Housing Oriented Ministries Established for Service, or HOMES, provides energy-efficient homes and home repairs for low-income families “in a region where the housing market is broken,” Long says. They look for new ways to put people to work. To that end, they recently expanded into selling solar installation services.

“We stumbled on solar in a way, looking to offset our operational costs,” Long tells us. “With three power rate increases in five years, things weren’t looking good for us. Working with Mountain Association, Josh convinced us solar was the way to go on the spread sheet, but I was still skeptical. They do this in California.
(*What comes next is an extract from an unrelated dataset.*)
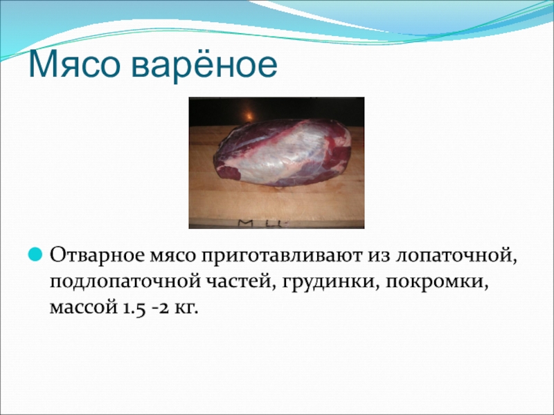 Слайд 9Мясо варёное

Do they do it here in Eastern Kentucky?”

HOMES borrowed money, put solar up and right away saw a big savings beyond what they borrowed. Now a convert, Long put solar on his barn and saw the same results.

… and local leadership

In the end, Buckhorn Children & Family Services is now the sole owner of a 20-kW solar PV system that is greatly helped by the 1:1 net metering rate in place when the permit was issued. That last part was not a given at the outset.
In 2020 and 2021, Kentucky Power, a subsidiary of American Electric Power, which serves some of the poorest regions of the Kentucky, sought to reduce the retail value of solar by up to 70 percent, which could have killed solar in the region before it got going. The utility argument painted net metering as only a value to the wealthy, but the Buckhorn project demonstrated that doesn’t have to be the case.

Mountain Association, a community development financial institution, does a lot in the area. It lends money and offers business development and jobs training services. It has an energy division that helps people go solar or save money on bills. They also engage in “research, communications and advocacy for policy and narrative change to demonstrate what’s possible in Eastern Kentucky.”

This rate case was a big deal for the area and for Buckhorn, and it was a chance to start changing the solar narrative.
“We applied to jointly intervene in the rate case, but we were also trying to get this install completed before the public service commission ruled on this case,” says Josh Bills, commercial energy specialist at Mountain Association. “We knew as soon as it did, Buckhorn would not be grandfathered. In the rate case, this was an example of what distributed solar can mean for those customer generators that are nonprofits with missions, and what it means for operations savings and having compounding effects.”

“I was at the ribbon cutting,” Scally says, “and it struck me — someone on the board of Buckhorn said, ‘I never thought of solar working out here. Now I might look into it for my home.’”

Grid-ties that bind

HOMES is an example of those compounding effects. To build out its solar installation services, HOMES brought on Clayton Johnson (or Fuzz), who worked through Mountain Association’s internship program that transitions individuals out of coal mining. Workforce development was a piece of this Buckhorn project because it was Fuzz’s first chance at a ground-mount installation.

“There are not many jobs available in our area, and raising a young family here is increasingly challenging,” Long says. “Having these opportunities keeps people gainfully employed and allows them to keep living where they grew up.”
At the time of our chat, Long sounded optimistic about the solar market in the area and its opportunity to provide a fresh start for many in Eastern Kentucky.

“When a trusted business leader like Mountain Association can pull out spreadsheets and show actual numbers, not projections, I think that’s sold quite a few solar systems for us in itself,” he says. “Fuzz has been busy.”